Charles bent over and put his face close to the dead one.

"Charles," I said, "he did it. He took the bottle from the cupboard."

"I thought . . ."

"Yes. I had the key in the secret drawer . . . but he knew it was there. It was the obvious place to put it . . . and he knew about the drawer in that desk. He came and got the key and the bottle. . . . He had talked to me about it just before. He had said it was the best way. I told him not to talk like that . . . but he must have had it in his mind to do it."

"Where is the bottle?"

"I put it back in the cupboard."

"Go and get it."

I did so. He looked at it. "When did you get this? Two days ago? My God, he's had enough to kill three people."

"It was what he wanted. He couldn't endure the pain anymore."

"Zipporah," he said quietly, "there mustn't be talk about this. In view of everything ... we can't have it said that he died of an overdose of laudanum. . . . People might say . . ."

"That I gave it to him?"

"People will say anything."

"Charles ... you don't think . . . ?"

"Of course not.
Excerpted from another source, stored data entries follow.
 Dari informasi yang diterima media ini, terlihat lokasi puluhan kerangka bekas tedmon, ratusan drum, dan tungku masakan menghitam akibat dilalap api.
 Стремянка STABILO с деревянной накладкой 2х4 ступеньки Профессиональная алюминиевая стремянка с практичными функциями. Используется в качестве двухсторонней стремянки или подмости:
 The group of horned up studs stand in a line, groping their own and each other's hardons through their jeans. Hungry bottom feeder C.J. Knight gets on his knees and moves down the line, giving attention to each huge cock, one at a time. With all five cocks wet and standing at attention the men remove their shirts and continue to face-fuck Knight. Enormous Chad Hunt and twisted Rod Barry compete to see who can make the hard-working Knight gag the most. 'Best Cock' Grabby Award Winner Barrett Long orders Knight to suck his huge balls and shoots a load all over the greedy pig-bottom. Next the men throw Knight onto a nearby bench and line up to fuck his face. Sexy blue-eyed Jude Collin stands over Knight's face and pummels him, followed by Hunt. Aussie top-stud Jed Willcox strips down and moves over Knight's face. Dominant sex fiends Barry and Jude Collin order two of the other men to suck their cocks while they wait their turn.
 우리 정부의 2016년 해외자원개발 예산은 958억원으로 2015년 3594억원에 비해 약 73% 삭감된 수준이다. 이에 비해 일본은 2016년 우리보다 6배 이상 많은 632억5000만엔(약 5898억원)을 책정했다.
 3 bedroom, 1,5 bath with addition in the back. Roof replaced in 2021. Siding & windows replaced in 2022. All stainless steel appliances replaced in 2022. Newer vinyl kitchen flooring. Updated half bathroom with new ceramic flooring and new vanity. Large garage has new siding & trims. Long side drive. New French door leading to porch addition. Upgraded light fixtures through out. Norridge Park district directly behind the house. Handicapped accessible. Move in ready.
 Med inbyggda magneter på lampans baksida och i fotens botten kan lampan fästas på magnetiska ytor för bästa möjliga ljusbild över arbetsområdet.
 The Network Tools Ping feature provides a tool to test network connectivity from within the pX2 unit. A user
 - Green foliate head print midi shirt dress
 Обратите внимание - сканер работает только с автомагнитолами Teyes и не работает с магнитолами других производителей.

I understand how it happened."

"In a way I did kill him," I said. "I knew he was going to do

it . . . and I let him. That's as bad as killing, isn't it? I'm a murderess ... as well as an adulteress."

"Hush. Don't say such things." He looked round him. "For God's sake be careful. It may be that . . . never mind. The thing is now that Jean-Louis is dead. Life was intolerable for him. He suffered a great deal of pain and naturally it weakened his heart. He died of heart failure. It was to be expected. I expected it."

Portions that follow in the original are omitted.